Run the daemon directly in a terminal:

voxtype                     # Run with defaults
voxtype -v                  # Verbose output
voxtype -vv                 # Debug output
voxtype --clipboard         # Force clipboard mode
voxtype --model small.en    # Use a different model
voxtype --hotkey PAUSE      # Use different hotkey

Systemd Service

For automatic startup on login:

# Install the systemd service
voxtype setup systemd

# Start the service
systemctl --user start voxtype

# Enable on login
systemctl --user enable voxtype

# Check status
voxtype setup systemd --status

The service runs in the background and logs to the systemd journal:

journalctl --user -u voxtype -f  # Follow logs

Push-to-Talk vs Toggle Mode

Voxtype supports two activation modes:

Push-to-Talk (Default)

Hold the hotkey to record, release to transcribe:

[hotkey]
key = "SCROLLLOCK"
mode = "push_to_talk"  # Default

This mode provides precise control over recording duration. It’s ideal when you know exactly what you want to say.

Toggle Mode

Press once to start recording, press again to stop:

[hotkey]
key = "SCROLLLOCK"
mode = "toggle"

Or use the CLI flag:

voxtype --toggle

Toggle mode is useful for longer dictation where holding a key would be uncomfortable.

Using the Built-in Hotkey

The built-in hotkey uses evdev (Linux input subsystem) to detect key presses. This works on both Wayland and X11.

Prerequisites

You must be in the input group:

# Add yourself to the input group
sudo usermod -aG input $USER

# Log out and back in for changes to take effect

# Verify membership
groups | grep input

Default Hotkey

The default hotkey is ScrollLock. This is chosen because:

It’s rarely used for other purposes
It doesn’t interfere with normal typing
It’s available on most keyboards

Changing the Hotkey

Edit ~/.config/voxtype/config.toml:

[hotkey]
key = "PAUSE"  # Or F13-F24, RIGHTALT, etc.

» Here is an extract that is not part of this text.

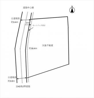 | 接道状況 | 一方 西約3.4m公道、間口:約18.4m | ||

See the Configuration guide for all available keys.

Using Compositor Keybindings

Instead of the built-in evdev hotkey, you can use your compositor’s native keybindings. This has several advantages:

No input group membership required
Use any key combination (e.g., Super+V)
Native feel with familiar keybinding configuration

Setup

Disable the built-in hotkey in ~/.config/voxtype/config.toml:

[hotkey]
enabled = false

Configure your compositor. See the Compositor Integration guide for detailed setup instructions.

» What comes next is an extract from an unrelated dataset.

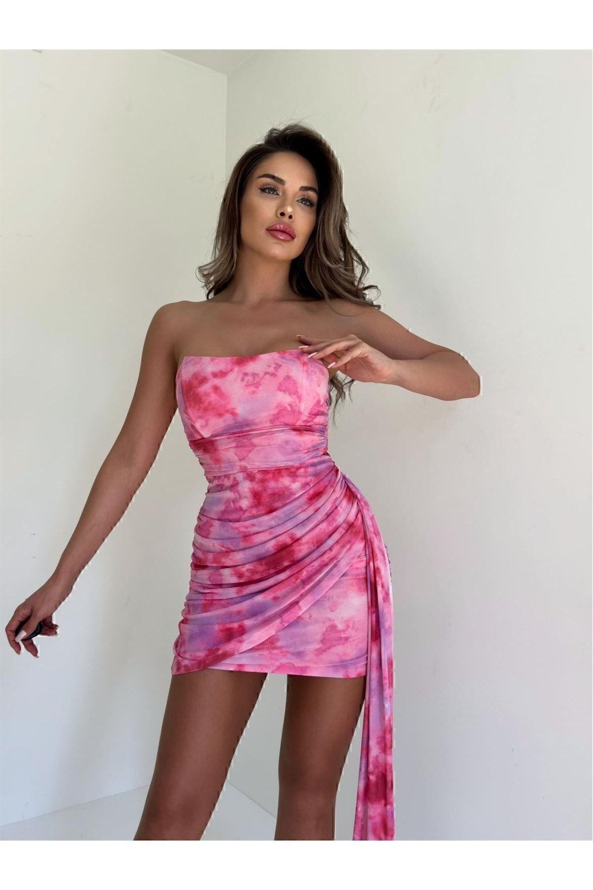 Kadın Pembe Desenli Drapeli,sarkıt Kumaş Detaylı, Straplez, Dekolte, Mini Abiye & Mezuniyet Elbisesi Kadın Pembe Desenli Drapeli,sarkıt Kumaş Detaylı, Straplez, Dekolte, Mini Abiye & Mezuniyet Elbisesi MSCX07 L

Canceling Recording or Transcription

You can cancel an active recording or transcription in progress without outputting any text.

With Built-in Hotkey

Configure a cancel key in your config:

[hotkey]
key = "SCROLLLOCK"
cancel_key = "ESC"  # Press Escape to cancel

Common cancel keys:

ESC - Escape key
BACKSPACE - Backspace key
F12 - Function key

With Compositor Keybindings

Bind a key to the cancel command:

voxtype record cancel

Example (Hyprland):

bind = , ESCAPE, exec, voxtype record cancel

Example (Sway):

bindsym Escape exec voxtype record cancel

If voxtype crashes while typing, the cancel key (or command) will not work. Use the compositor’s escape mechanism if available (see the Compositor Integration guide).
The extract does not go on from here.